I'm all for keeping it local, but next you'll want the non-residents to hunt in another state and forget about spending there money at Larry's too. Settle down... You should go have another cigarette before you reply this time (I told you I'm a good judge of character).

Think about that FlyFishing Offer... But I suppose you'd rather drink Amstels and cut holes in the ice??? :beer:


----------



## Fetch (Mar 1, 2002)

Hey!!! Welcome patterar

You sound like you really know coot ???

I kinda like having his warped perspective around here

In many senses he is a typical DL landowners (kid) - But he has come around to see our points also

anywho it's good to see someone else who can somewhat keep him in check :lol:


----------



## njsimonson (Sep 24, 2002)

You mean besides his wife, right Fetch?

Ah, the local v. national debate...been going at it regarding this topic on another forum.

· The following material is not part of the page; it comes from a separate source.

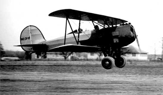 A 1939 photo of an unidentified biplane landing at Skyhaven Airport.

I can't get an 8 wt. fly rod in VC. I go to Cabelas.com. I can't get flytying materials in VC, I buy them up here in GF at Cabelas. I don't want to pay nearly $6 for shotgun ammo in VC for upland hunting in the fall, I pick up boxes for me and my friends at Fleet Farm for $3.99. I can get most of my fishing tackle from Larson's in VC, and that is where I shop for most of my day-to-day needs on the river. Good prices good people, and I appreciate that...BUT...

I have always been a firm believer in Adam Smith's invisible hand theory, that each person does what is best for them, in the economic scheme of things. If local operators don't have what I want, or are more expensive, I have to go elsewhere. This is the evolution of modern business, and everyone is in competition with everyone else. Internet, phone orders, catalogs, overnight shipping, etc. These are the elements that are changing the face of business. Add some Darwin theory to it and eventually only the strong survive.

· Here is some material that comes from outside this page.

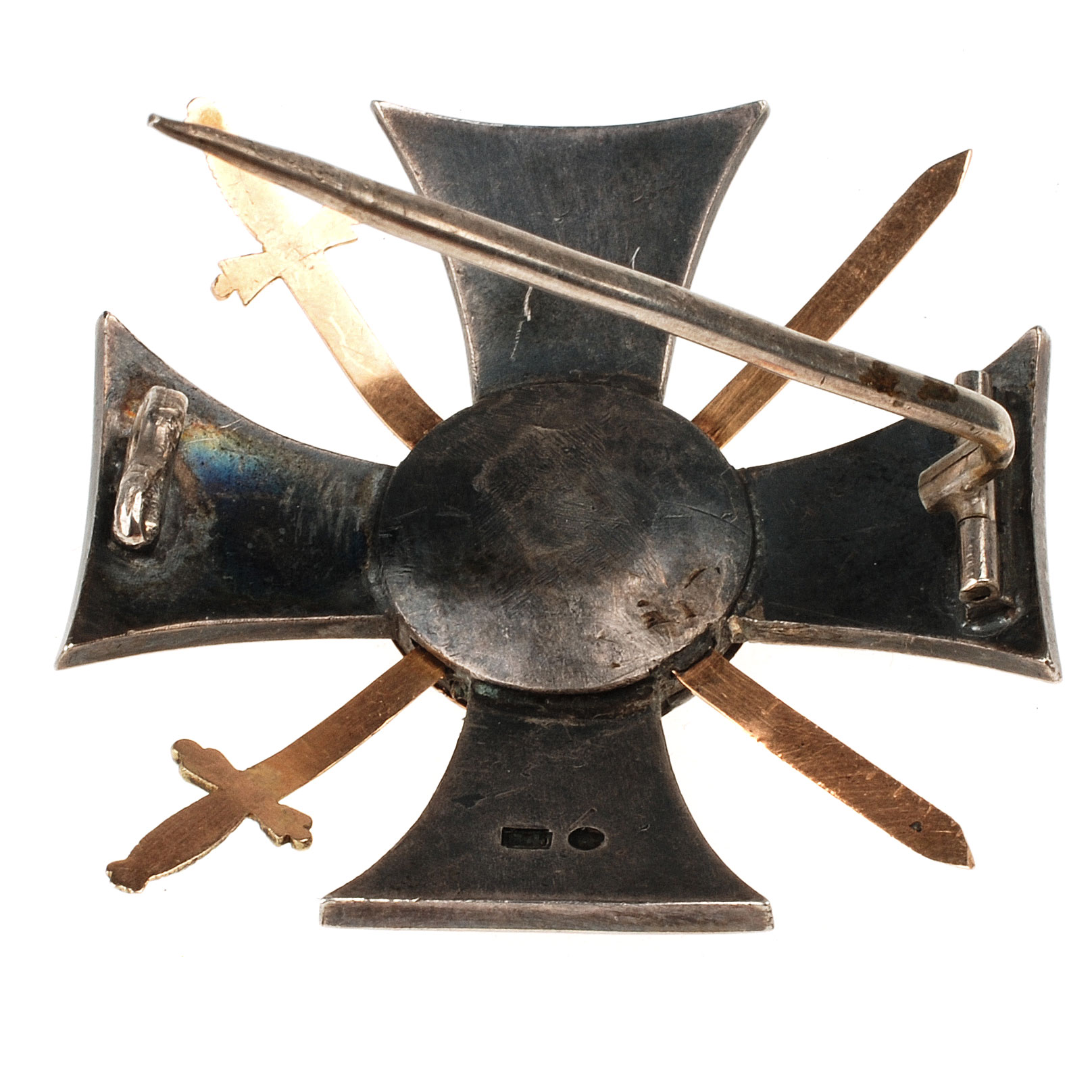 А вообще это один из самых сложных по конструкции наград Российской империи. Сам силуэт креста чеканился из цельной серебряной заготовки. Два перекрещенных меча накладывались на крест, и поверх них крепилась золотая или позолоченная розетка (круглый щит) с изображением российского двуглавого орла. Отдельно изготовленные позолоченные буквы надписи, цифры года и вензель с короной крепились уже после основной сборки.

Go to www.madtoms.com - see what Case Plastics has done from a once little plastics producer, who advertised on the internet, started a website, and now can have your baits for you in three days or less. An example of a company that has survived and thrived in the new business world.

I like supporting the little guy, but I'm all for getting what I want too.


----------



## cootkiller (Oct 23, 2002)

As far as my wife's looks, you can just ask njsimonson , he saw her at the DL Fishing tourney. And why should I be embarrassed that she got a moose tag, you really gotta let the envy go. I know deep down you wish you were cootkiller but hey, get on with your life.

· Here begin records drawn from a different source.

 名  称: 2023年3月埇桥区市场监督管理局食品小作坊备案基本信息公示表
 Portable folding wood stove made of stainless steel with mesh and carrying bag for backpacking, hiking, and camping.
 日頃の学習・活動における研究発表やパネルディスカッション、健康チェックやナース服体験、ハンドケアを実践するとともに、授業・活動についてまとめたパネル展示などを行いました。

It appears that birds of a feather stick together. It is good to see that patterar has found someone with the same mental apptitude so early on in his stay here at nodak. You and Fetch make a great pair.

I still don't get how my wife's shooting a moose is a slam to me, again showing your mental ineptness.
Anyone who takes fly fishing over ice fishing is obviously a degenerate who can't handle the rigors of being a North Dakota outdoorsman.
What, can't handle the cold, or are your biceps only strong enough to support a real fishing rod.

As far as your earlier comment on access to my dad's land. No way, I know that one for a fact.

And I am still right about shopping at home.

FYI FETCH,
Patterar is a hunting and fishing guide, so I guess you aren't that good of a judge of character. You probably know him, he guides out of Lakeview and Woodland.

Sorry I went off a little but personal attacks bug the pi$$ out of me.

cootkiller


----------



## njsimonson (Sep 24, 2002)

I'll vouch for that. :wink: Never seen a fox go moose hunting...musta been a sight to see! 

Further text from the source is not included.